Trapszo also emphasized the importance of structured decision-making. When a frustrated senior engineer came to her about stalled projects due to alignment issues, she helped her design more effective meetings by:

  1. Naming the decision explicitly
  2. Identifying who has input and who is the decision maker
  3. Time-boxing the conversation
  4. Writing down what was decided and assigning responsibilities

"The next week, she tried it. That meeting took 30 minutes instead of 60, and she walked away with clear next steps," Trapszo reported. "A while later, I saw her running a design review for somebody else's project. She was coaching them on how to structure the meeting."

Practical Implementation Strategies

Trapszo concluded with a challenge for the audience: "Pick one decision that you made this week that somebody else might need to know about in about six months. Write three sentences. Why? What else did you consider? What tradeoffs did you make? Put it somewhere where others can find it."

This simple act of documenting reasoning can be the first step toward scaling your impact. Over time, these small acts of clarity accumulate into a system that helps teams make consistent decisions without constant oversight.

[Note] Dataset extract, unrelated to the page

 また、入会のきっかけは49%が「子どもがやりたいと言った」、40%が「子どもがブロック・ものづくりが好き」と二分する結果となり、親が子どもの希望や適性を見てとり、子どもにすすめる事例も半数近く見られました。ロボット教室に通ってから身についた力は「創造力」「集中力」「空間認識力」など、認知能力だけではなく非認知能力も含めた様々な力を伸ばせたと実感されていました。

During the Q&A session, Trapszo addressed several practical concerns:

Measuring the Impact of Non-Coding Work

When asked how to justify the value of IC work compared to managers with teams, Trapszo emphasized finding ways to measure the impact:

"I would assume that as that single individual IC, you're either doing a different level of work than that team of ICs, or it's not a fair comparison," she responded. "If you're doing that different kind of work, which is some of that leadership work that we talked about, where you're bringing clarity, creating alignment, bridging gaps, the engineer organization needs to value that work. If they don't value that work, then you need to figure out a way to measure it."

Using AI for Documentation

Trapszo sees AI as a valuable tool for managing documentation overload:

"I'm going to go back on the AI thing again, because I feel like that's where things actually are getting better now with that stuff because you can use GenAI to not just create those records but also keep them maintained and make sure that they make sense, that they're consistent within each other," she explained. "If you're creating a new architectural record, you can always ask your favorite GenAI tool to go and check it against all the other records that we have in there. Does it make sense? Does anything else need to be updated? Are we in alignment with each other? Are we creating nonsense?"

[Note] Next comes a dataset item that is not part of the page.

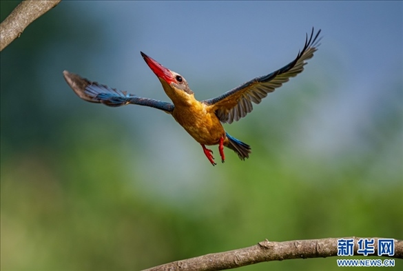 飛翔的鸛嘴翡翠(3月31日攝)。新華網(wǎng)發(fā)(高峰 攝)

Building Psychological Safety

Regarding psychological safety, Trapszo emphasized that it should be part of team culture:

"Psychological safety is something that every team should just have as part of its culture," she stated. "It's particularly visible when something goes wrong. When it comes to incidents, when it comes to things going wrong, it's a lot better to allow people to learn from that without blaming, without finger pointing, using blameless retros, because everybody can learn, versus having one person be miserable."

The Path to Lasting Technical Influence

Trapszo's presentation offers a clear framework for senior ICs looking to expand their influence:

  1. Build clarity through pattern recognition: Look for familiar patterns in new problems to avoid unnecessary complexity.
  2. Create alignment through shared understanding: Ensure teams have consistent interpretations of requirements and specifications.
  3. Scale yourself through documentation: Capture decision rationale so others can make good decisions without you.
  4. Teach through example: Demonstrate the behaviors you want to see in others.

As Trapszo summarized: "Your code might scale a system, but your experience and clarity scales organizations. This is the kind of impact that lasts."

For senior ICs looking to grow their impact beyond individual contributions, these strategies provide a practical path to becoming technical leaders who multiply the effectiveness of entire teams.